California, New York Governors Support Tax Parity For S-Corporations
As MSCI’s allies at the S-Corp Association reported last week, California Gov. Gavin Newsom (D) and New York Gov. Andrew Cuomo (D) have included the association’s SALT Parity proposal in their respective budget proposals for 2021. Seven states (Connecticut, Wisconsin, Oklahoma, Louisiana, Rhode Island, New Jersey, and Maryland) already have adopted this reform and the association expects another dozen or so to take up SALT Parity legislation this year.
These efforts would help small businesses struggling to survive during COVID-19 by allowing pass-through businesses to continue to fully deduct their state and local income taxes on their federal returns. (As a reminder, the federal tax reform legislation signed into law in 2017 by President Donald Trump capped deductions for state and local income taxes at $10,000 per year for individuals and pass-through businesses, but not C corporations.)
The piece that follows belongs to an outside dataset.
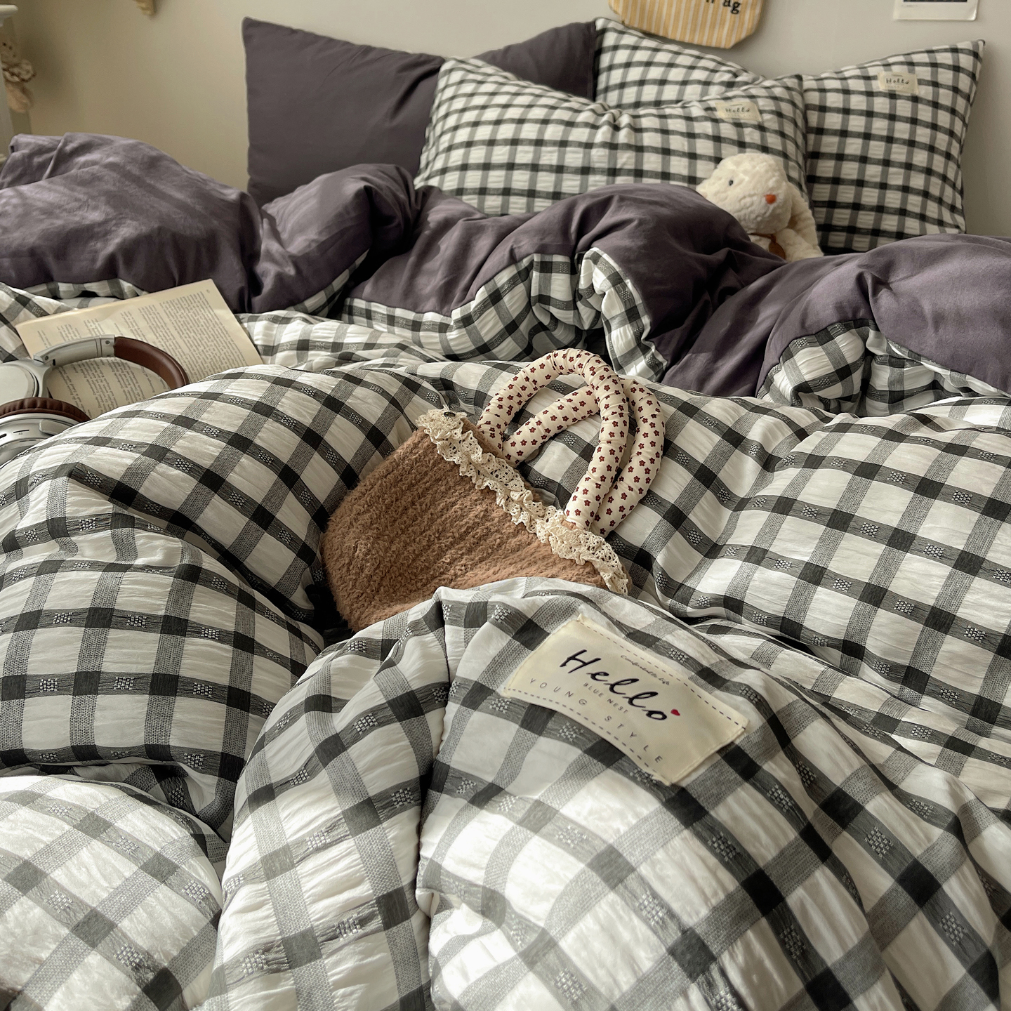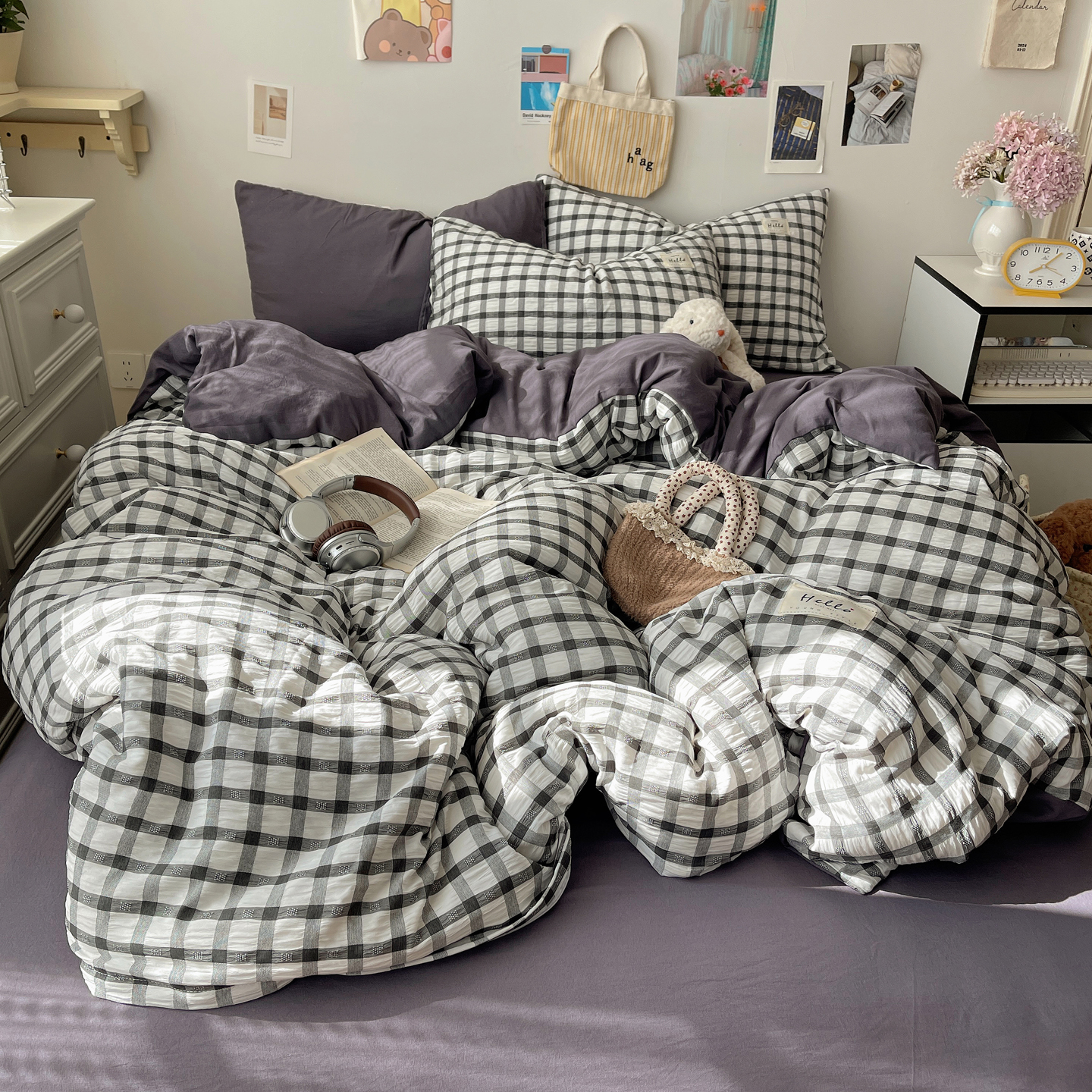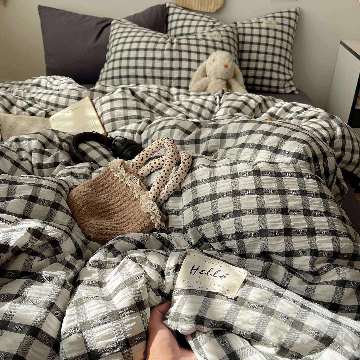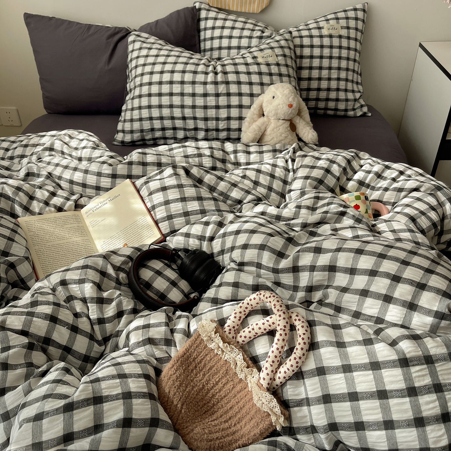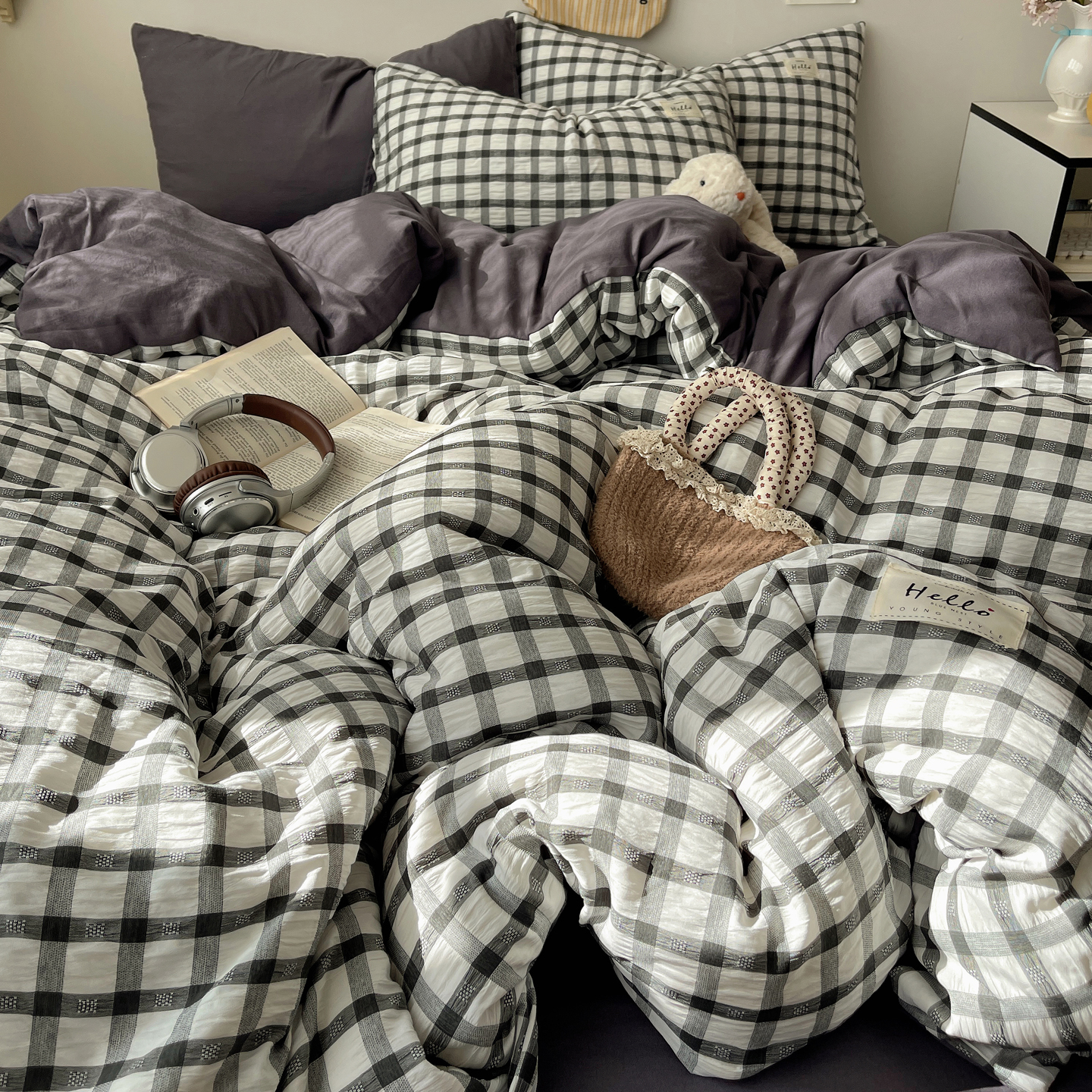 当前位置: 91家纺网 > 商品网购 > 床品套件 > 四件套 > 双层纱四件套 > 顾里2025新款韩系格子阳离子泡泡纱四件套-第二组 经典黑格

The California and New York proposals, like proposals in other states, would permit pass-throughs to restore the value of their lost federal SALT deductions by electing to pay those taxes at the entity level, rather than at the shareholder or partnership level. This change would result in a full deduction for the business and it would protect shareholders and partners from a double tax through an income exclusion or tax credit.
The SALT parity efforts are necessary in states where taxes on pass-through business income are paid by the owners, not the business. In other states, like Tennessee for example, SALT is already fully deductible because small businesses already tax pass-through business income at the entity level. States with no individual income tax, like Texas and Florida, also are unaffected by the new SALT cap.
The S-Corp Association estimates there are 41 states that would benefit from its SALT parity efforts and, as noted above, seven have already adopted SALT Parity legislation.